Pluto mission years in making



In 1989, the Pluto lobbying effort began.
Scripps Howard
Pushed by as much rocket power as humanity can deliver, NASA's New Horizons spacecraft bound for Pluto and the Kuiper Belt will be the fastest thing ever launched.
But the real engine behind New Horizons, scheduled for launch today from Cape Canaveral, Fla., is planetary scientist Alan Stern. The 48-year-old founder of the Southwest Research Institute's office in Boulder, Colo., is leading the $700 million mission.
Although personally incapable of propelling a 1,054-pound, piano-sized spacecraft to a speed of 36,000 mph, Stern has been described by more than one colleague as a "force of nature."
But he is mortal and has been swamped with technical meetings, government briefings and relentless press requests.
"Nothing in my life remotely parallels this, though I've been in the space business for a long time and involved in a lot of launches," Stern said.
Began his push
Stern was 32 and had just earned his Ph.D. from the University of Colorado when he began pushing for a mission to the solar system's last unexplored frontier. He will be 62 by the time New Horizons finishes its planned Kuiper Belt observations.
It all began in 1989, when he and other scientists launched their Pluto lobbying effort in an Italian restaurant in Baltimore. They called themselves the "Pluto Underground."
Stern went on to chair an official NASA working group on outer planets in the early-1990s. He was heavily involved with several canceled Pluto missions -- Pluto 350, Pluto Fast Flyby, Pluto Express -- before New Horizons finally stuck.
Years of effort by Stern and others laid the groundwork. But a NASA-commissioned study in 2002 proved to be the tipping point. It put exploration of Pluto and the Kuiper Belt atop the list of planetary mission priorities for the next decade.
Viewed as outlier
Pluto, discovered in 1930 by Clyde Tombaugh, was once viewed as an outlier in more than the literal sense.

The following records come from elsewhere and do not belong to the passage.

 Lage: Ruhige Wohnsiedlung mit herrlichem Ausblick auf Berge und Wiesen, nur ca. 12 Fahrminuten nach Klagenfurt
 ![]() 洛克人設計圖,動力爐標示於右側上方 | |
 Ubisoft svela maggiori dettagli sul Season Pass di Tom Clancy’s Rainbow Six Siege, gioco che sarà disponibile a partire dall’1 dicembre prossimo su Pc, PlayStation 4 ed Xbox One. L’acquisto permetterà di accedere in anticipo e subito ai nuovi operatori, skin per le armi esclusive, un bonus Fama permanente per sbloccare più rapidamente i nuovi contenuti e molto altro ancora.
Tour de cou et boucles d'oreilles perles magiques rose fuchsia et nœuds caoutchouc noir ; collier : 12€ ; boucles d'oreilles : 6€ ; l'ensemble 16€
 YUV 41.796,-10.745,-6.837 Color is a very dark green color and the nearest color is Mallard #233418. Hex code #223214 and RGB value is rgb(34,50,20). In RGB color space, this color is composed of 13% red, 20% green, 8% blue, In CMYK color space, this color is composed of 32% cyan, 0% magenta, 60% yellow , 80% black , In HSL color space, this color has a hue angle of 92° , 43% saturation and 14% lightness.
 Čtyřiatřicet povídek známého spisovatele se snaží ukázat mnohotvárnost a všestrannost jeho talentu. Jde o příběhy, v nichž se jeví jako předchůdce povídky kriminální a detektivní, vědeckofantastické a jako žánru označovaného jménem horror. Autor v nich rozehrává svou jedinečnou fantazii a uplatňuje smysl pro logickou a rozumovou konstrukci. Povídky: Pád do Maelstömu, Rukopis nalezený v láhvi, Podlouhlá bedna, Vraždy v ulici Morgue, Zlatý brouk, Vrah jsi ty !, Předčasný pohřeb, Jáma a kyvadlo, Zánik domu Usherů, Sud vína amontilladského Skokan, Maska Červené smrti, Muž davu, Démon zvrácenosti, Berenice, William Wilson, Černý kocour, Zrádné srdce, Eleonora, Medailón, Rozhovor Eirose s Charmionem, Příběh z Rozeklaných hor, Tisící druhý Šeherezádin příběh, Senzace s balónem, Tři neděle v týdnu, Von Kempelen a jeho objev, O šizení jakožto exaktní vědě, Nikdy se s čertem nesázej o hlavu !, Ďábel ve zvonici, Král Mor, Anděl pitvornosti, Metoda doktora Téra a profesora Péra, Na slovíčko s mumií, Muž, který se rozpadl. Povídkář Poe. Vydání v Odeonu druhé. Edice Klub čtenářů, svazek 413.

The planet, just two-thirds the size of Earth's moon and with about 1/500th the mass of Earth, orbits between 30 and 50 times farther from the sun than Earth. Pluto's 248-year loop is tilted 17 degrees from the orbital plane shared by the other planets.
It perpetually faces its major moon Charon, half Pluto's size, as if in a permanent waltz, enough so that they are considered binary planets. Stern and Boulder colleagues recently announced their discovery of two new tiny Pluto moons.

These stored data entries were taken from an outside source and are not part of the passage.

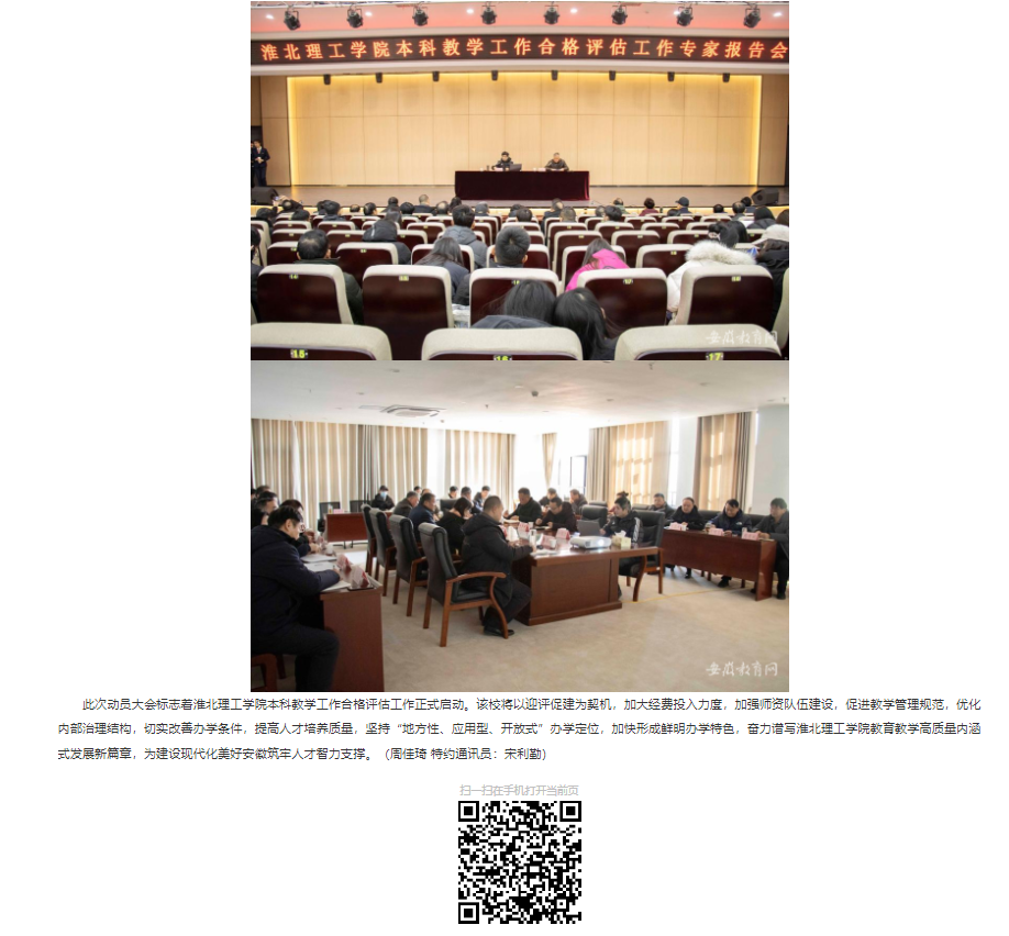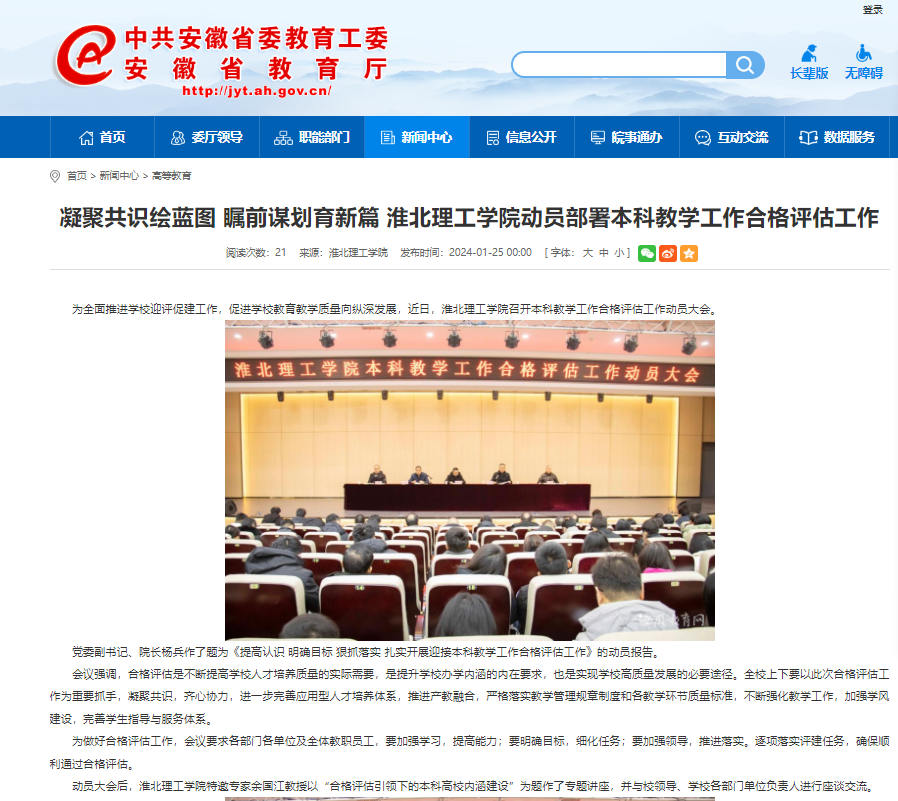 为全面推进学校迎评促建工作,促进学校教育教学质量向纵深发展,近日,Beat365唯一官方网站召开本科教学工作合格评估工作动员大会。对此,安徽教育网进行了报道:
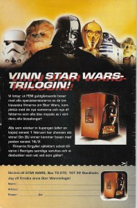 På baksidan lottas fem Star Wars VHS guld-boxar ut. Alla har väl en av de här boxarna hemma i någon variant? Själv köpte jag silver-boxen som innehåller Star Wars Special Edition i Widescreen. Är det inte lite konstigt att Widescreen ansågs vara silver och inte guld? Guld ska ju vara top of the pops! Är det hemskt elitisktskt av mig att tycka att pan & scan versioner bara är halva filmer? Det här är ett litet mysterium som jag brottas med, jag antar att det får sin upplösning någon annan gång.
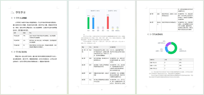 課后,課堂智能反饋系統化身“AI教研員”,識別師生互動等關鍵片段,生成實時的反饋報告,并提出AI教學建議。精準、豐富、多維的課堂數據分析,幫助教師及時反思教學表現,不斷優化改進。
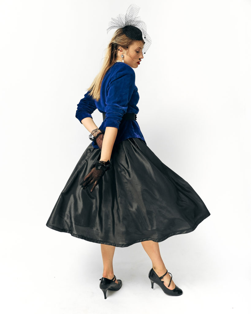 Глибокий та загадковий образ, що втілює вечірню розкіш та високу драму епохи "New Look". Контраст між королівським синім оксамитом та глянцевим чорним сатином створює багату візуальну текстуру, а театральні аксесуари перетворюють цей лук на вбрання для великої сцени або світського рауту.

Pluto is so small and distant that observing it from Earth is like looking at a grain of sand from a kilometer away, or counting spots on a soccer ball from 375 miles away, Stern wrote in his 1998 book "Pluto and Charon." Images of Pluto, even from the Hubble Space Telescope, are hopelessly pixilated.

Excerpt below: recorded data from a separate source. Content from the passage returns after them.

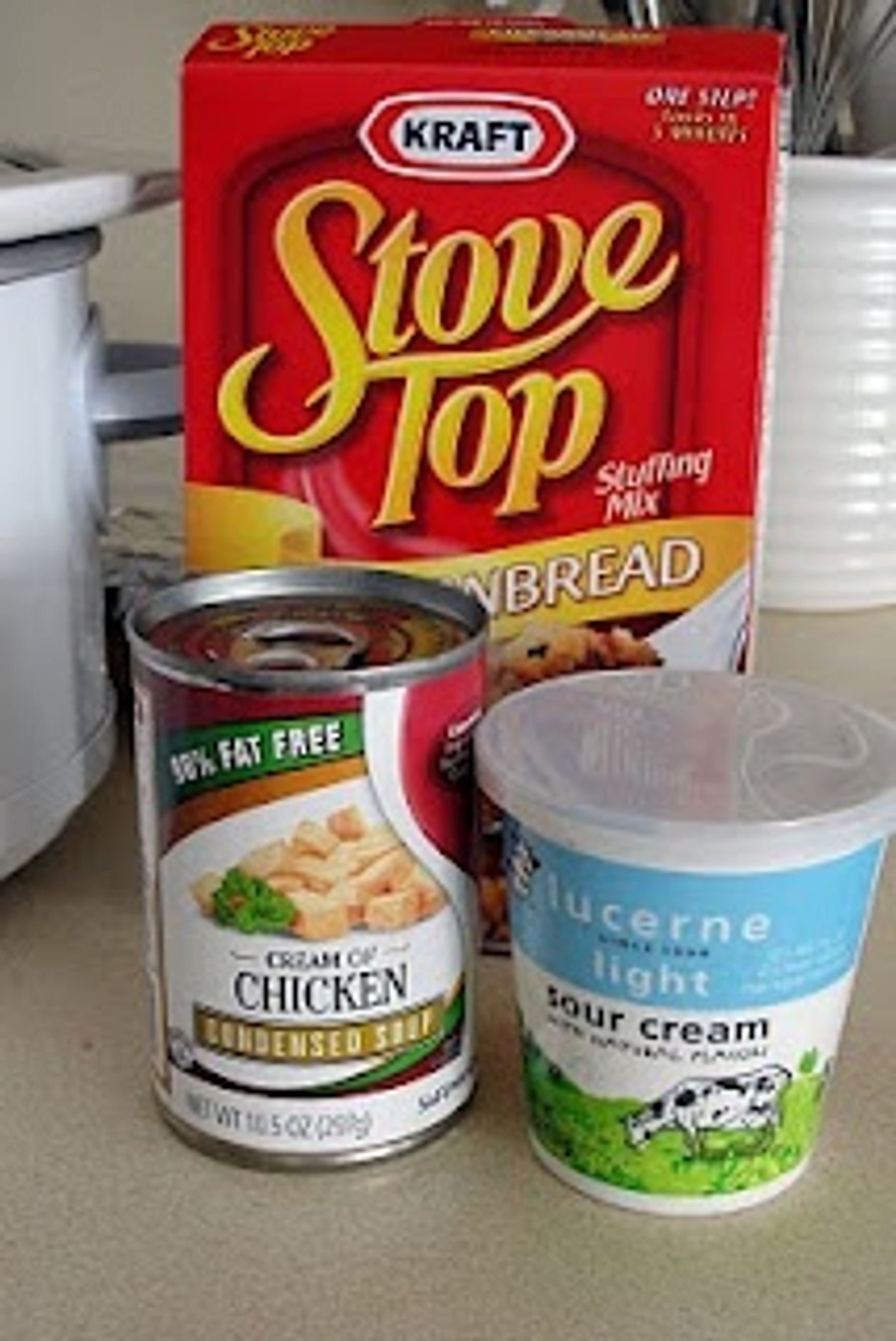 Mix sour cream and chicken soup in a small bowl and pour over stuffing. Do not mix
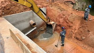 Houve a substituição da tubulação sob a ponte, por aduelas de concreto armado, de maior porte e que permitem maior vazão para o córrego, contribuindo, assim, para a drenagem da área. Cada peça foi movimentada com o auxílio de um guindaste hidráulico, escavadeira hidráulica e demais equipamentos específicos. Foram instaladas 30 aduelas de concreto armado (alinhadas três linhas de dez unidades), onde cada peça mede 2,5 metros de largura por 2,5 metros altura e um metro de comprimento.
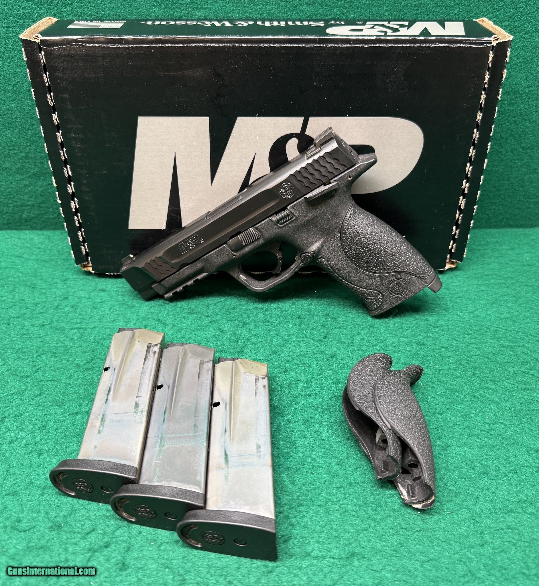 Description: Guns Listing ID: 585218 This listing is for a USED Smith & Wesson M&P45 45 ACP Blued Finish Manual Safety 4.5\" BBL 10+1. This is a used gun, it has been fired and will have residue present. This Smith & Wesson M&P45 is chambered in 45 ACP, and it will hold 10 rounds in the magazine. This pistol comes with a 4.5 inch barrel. It comes equipped with a fixed front sight, and a fixed rear sight. There are a few light scratches present around the slide, and there are some rust spots present around the rear sight. The action appears to be in good condition, the finish appears to be in good condition, and the bore appears to be in good condition. This pistol comes with three 10 round magazines, two extra backstraps, and a cardboard Smith & Wesson box. This would be a great self-defense or plinking pistol. ** DISCLAIMER** THIS FIREARM HAS NOT BEEN TEST FIRED*** Manufacturer: SMITH & WESSON Model: M&P 45 Caliber Info: .45 ACP Condition: Used - Non-Certified Barrels: 4.5" BARREL Action: SEMI AUTOMATIC Finish: black Price: $349.99 Contact Seller |
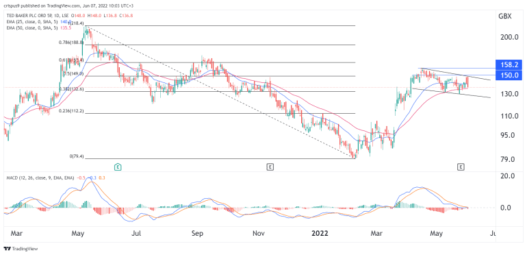 The daily chart shows that the Ted Baker share price has been moving sideways in the past few days as investors watch the bidding war. The shares are trading below the 50% Fibonacci Retracement level. The stock has formed a descending channel shown in black. This channel has a close resemblance to a bullish flag pattern.
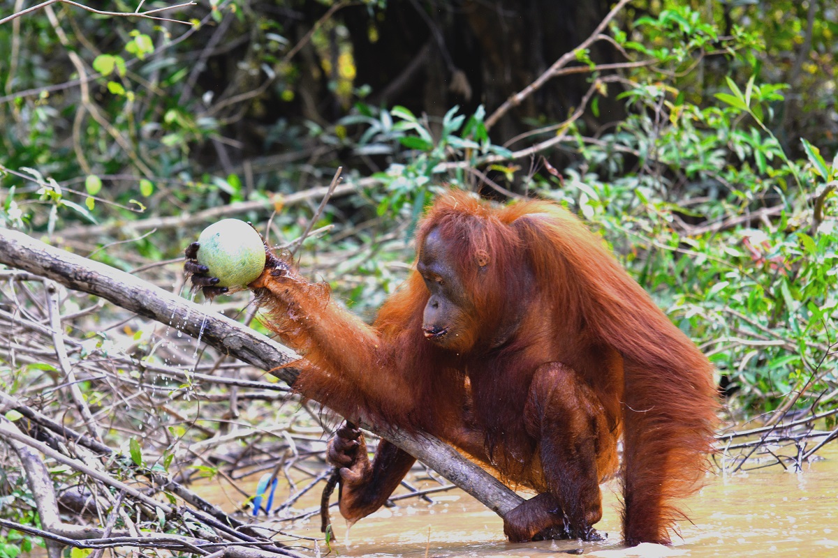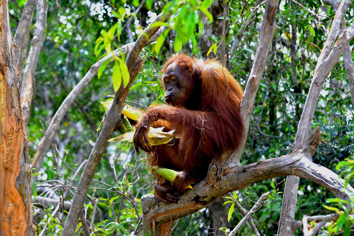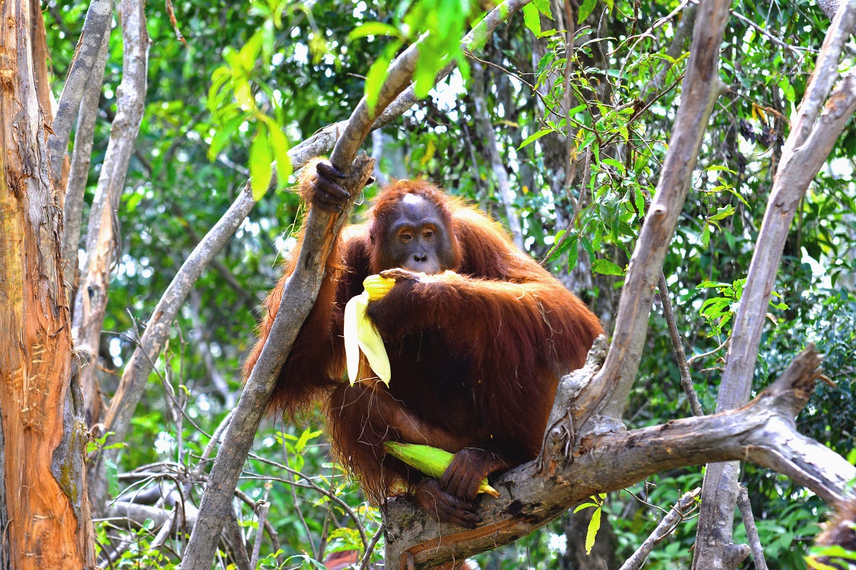 Despite being a bit less adventurous in the canopy lately, Meki has already mastered the skills needed to forage for natural foods in the forest including fruits, young leaves, flowers, and protein-rich insects. She is also highly competent at building solid nests. Meki enjoys her day-time naps as the wind gently blows overs her nest, which is typically covered with twigs and leaves formed into an umbrella shape, to protect her from the sun.

But Pluto is not an oddball. Rather, it represents a vast scattering of frozen objects called the Kuiper Belt, theorized by Gerard Kuiper in the 1950s and discovered in 1992.
The Kuiper Belt contains perhaps 100,000 objects of 60-mile diameter or greater, including at least one, 2003 UB313, larger than Pluto.
New Horizons, built by the Applied Physics Laboratory at Johns Hopkins University in Laurel, Md., must travel for at least nine years before it can deliver news from Pluto across a gulf so vast it takes light more than four hours to cross.
Data will arrive via NASA's Deep Space Network to mission operations at the Applied Physics Laboratory.